Hornby & Denman Islands Pursuing Fibre-Optic Networks | William Thomas Online | William Thomas

Hornby & Denman Islands Pursuing Fibre-Optic Networks 

Fibre-optic cable carries zero radiation, interference-free unlimited bandwidth internet, phone, tv

Fibre-optic cable carries zero radiation, interference-free, unlimited bandwidth internet, phone, tv    

Breaking News

Nov. 4, 2019





By William Thomas



Prepared to fight off 5G at yesterday’s historic meeting to decide on improved internet delivery, the standing-room gathering on Hornby was stunned and delighted to learn that based on survey results, a consultant has been hired and the hunt is on to find hard-wired internet solutions for both sister islands.

     “It is apparent that the community only wants to look at fibre,” says HICEEC Economic Enhancement Officer, Karen Ross, after three-quarters of respondents to a Hornby Island Community Economic Enhancement Corp. survey called for a fibre-optic-only solution to Hornby’s dismal internet service.

     Currently, 95% of Hornby islanders – including most  businesses conducted online – are hobbled by internet “speeds” at less than half federally-mandated standards.

     “I was thrilled” with yesterday’s meeting on Hornby, the connectivity-facilitator told this reporter for the Islands Grapevine. “The questions were intelligent. Doubters were reassured.”

     After the lengthy Hornby session, a similar meeting followed on Denman. “Fibre-optic is all that’s being considered,” Ross confirmed.

     Also presenting was Darren Dohfer, the telecom specialist with Baylinks Networks retained by HICEEC to devise specific implementation strategies.

     With costs almost “equally split” between both islands, total project price will range from $10- to $12 million for full fibre-optic connection – including phone, internet, email and TV – to every residence on Denman and Hornby, Ross said.

     Initial hookup will be free. Service subscriptions will be optional.

     Provincial and federal funding is available to qualifying communities for 75% of total costs. Besides demonstrating need, “an enthusiastic, forward-thinking community” is vital for funding approval, Ross said.

     Regarding network service providers, “We are staying open to all options,” she added.

     Though Telus could provide a complete fibre-optic financing, installation and service package, that New York City-based corporation’s initial numbers are much higher than preliminary estimates from Baylinks.
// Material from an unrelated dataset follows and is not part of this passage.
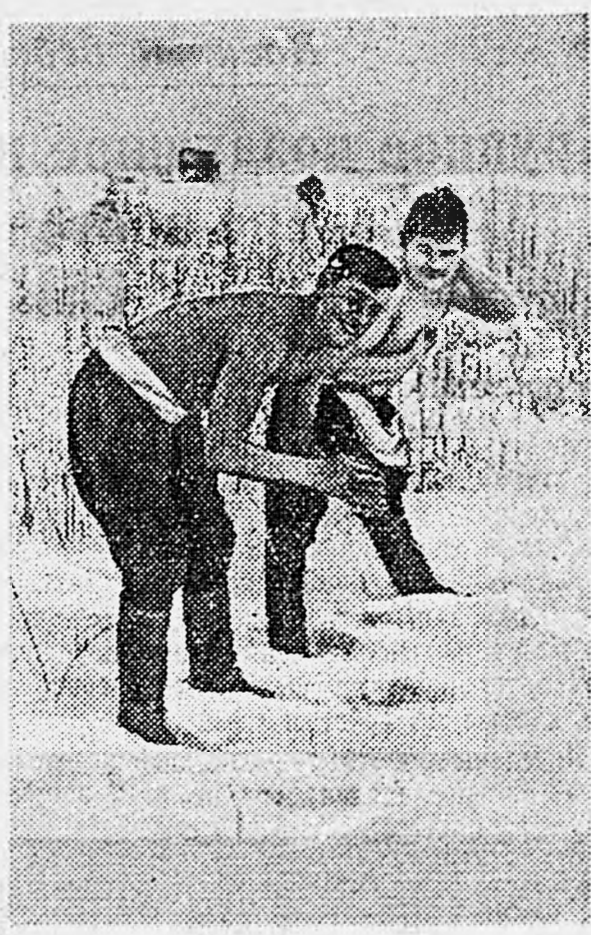
ДЕЙСТВУЮЩАЯ АРМИЯ. Утренний туалет.

Five BC-based Internet Service Providers could be approached for initial funding and day-to-day operations, Dohfer suggested.

     With an estimated $80/month household subscription fee, back-of-the-envelope calculations show that the $2.5 million to $3 million loan needed to top-up government funding could be returned within three years.

     Hornby Island’s earlier fierce resistance to the forced imposition of smart meters, and our community’s more recent defeat of Telus’ proposed millimetre-frequency tower, have made it clear that wireless networks are not the way to go here. 

     But the real motivator is fibre-optic’s considerable  advantages, not wireless opposition. This radiation-and-interference-free, all-in-one, phone and digital delivery network is clearly superior to 5G, which is running into increasing worldwide pushback against its zero health studies and anti-community policies. 


“You will receive a continent’s worth of data over a fibre smaller than a human hair,” Dohfer promised attendees – with very much cleaner and faster download and upload speeds than any next-Gen wireless network can dream of delivering.

     Offering unlimited bandwidth, the new fibre network will require little maintenance and no upgrades over the next 50 years.

     Dohfer’s show-and-tell included spools of armoured fibre-optic cable. With BC’s ancient copper-wired grid disintegrating, water ingress and deterioration of buried glass cables will not be a factor. And we’re not talking wine glasses. “You could drop a tank on it and not break it,” this veteran fibre-optic installer asserted.

     If a falling tree severs an overhead fibre-optic line, a short video showed how it can be quickly “welded” back together, with no splicing necessary. Alternately, a small wheeled machine buries cable 2-feet under compatible soils as fast as it can be directed by hand. 

     So far, fibre-savvy Telus is pricing itself out of the running. The meeting was told that Kaslo’s community-owned fibre network has been operating for two years in the Kootenays with no glitches.

     “Audiences on both islands were very warm to doing it ourselves,” Karen Ross observed. But she warned it could be “an uphill battle” to capitalize an island-owned network.

     “There’s also a risk factor if people won’t switch over,” from their current lousy service,     she added. Hard to believe, since every residence on both islands would be hard-wired directly to the devices inside, with no sign-up charge. And phone numbers will remain the same.

     But email addresses will change with a new ISP, and some people may not want to do this, Ross noted.

     Once funding is in place, it will take two years to completely tie both islands to the existing fibre-optic “backbone” on Vancouver Island. Fibre hubs are already in place on both islands, and each home will go “live” as soon as its connection is completed.

     “It will be an economic decision in the end how to proceed, who to go with,” Ross concluded. The next community connectivity meetings on Denman and Hornby will present detailed business options in two- to three-months.